If you want a sense of how important that quote about apat dharma is to a Hindu (and a fortiori, a Hindutva) reader, see the way it is singled out and quoted with an illustration of Krishna driving Arjuna‘s chariot into battle by “Sanchit” here (I’ve used the same illustration at the head of this post):
What am I after here?
It seems to me that we could use a brief yet definitive scholarly account of what the guiding principles of the various religions and secular worldviews allow their adherents, in terms of justice, forgiveness, pre-emption, retribution and retaliation.
This would need to include, compare and contrast such principles as:
- The Judaic notions of pre-emptive killing (Netanyahu’s first principle, found in the Talmud and commonly quoted as ‘ha’Ba Lehorgecha, Hashkem Lehorgo, If someone tries to kill you, rise up and kill him first) and the injunction, in fighting the Amalekites, “Now go and smite Amalek, and utterly destroy all that they have, and spare them not; but slay both man and woman, infant and suckling, ox and sheep, camel and ass” (1 Samuel 15:3).
- Christ’s “But I say unto you which hear, Love your enemies, do good to them which hate you.” (Luke 6.27)
- Christian “just war” theology.
- The western / UN “norm” that some actions are simply beyond the pale, unacceptable under any circumstances (essentially the basis for war crimes tribunals)
- Game theory’s “tit for tat” strategy in an iterated Prisoners’ Dilemma as proposed by Anatol Rapaport and articulated by Robert Axelrod in his book, The Evolution of Cooperation.
- The Islamic tradition’s notion of response in kind (Qur’an: 2.194, “and so for all things prohibited, — there is the Law of Equality. If then anyone transgresses the prohibition against you, transgress ye likewise against him but fear Allah, and know that Allah is with those who restrain themselves”) – which would appear to imply that actions that would not normally be acceptable may be appropriate in response to an enemy that has already “transgressed” in that specific manner
- Gandhi’s ahimsa, together with his corollaries, “An eye for an eye makes the whole world blind” (attributed) and “It is better to be violent, if there is violence in our hearts, than to put on the cloak of nonviolence to cover impotence.”

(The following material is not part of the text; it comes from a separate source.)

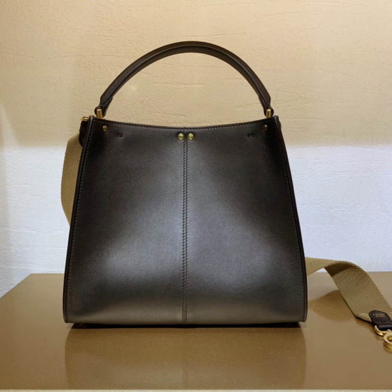 Medium handbag with internal pocket and iconic twist lock. Single handle and detachable shoulder strap. Made of khaki calfskin. The inside pocket is finished in glazed fabric with a jacquard FF motif. Canvas shoulder strap. Gold-finish metalware.

- Swamy’s own “This is Kaliyug, and hence there is no room for sattvic responses to evil people” and “the nation must retaliate — not by measured and ‘sober’ responses but by massive retaliation.”
- Buddha’s “Victory breeds hatred. The defeated live in pain. Happily the peaceful live giving up victory and defeat” (Dhammapada15,5)…
… and so forth.
I am grateful for further pointers and comments you may care to offer.
I hope to follow this post up with another, Lex Talionis II, which will address the use of private rewards for revenge killings in the Israeli / Palestinian matter.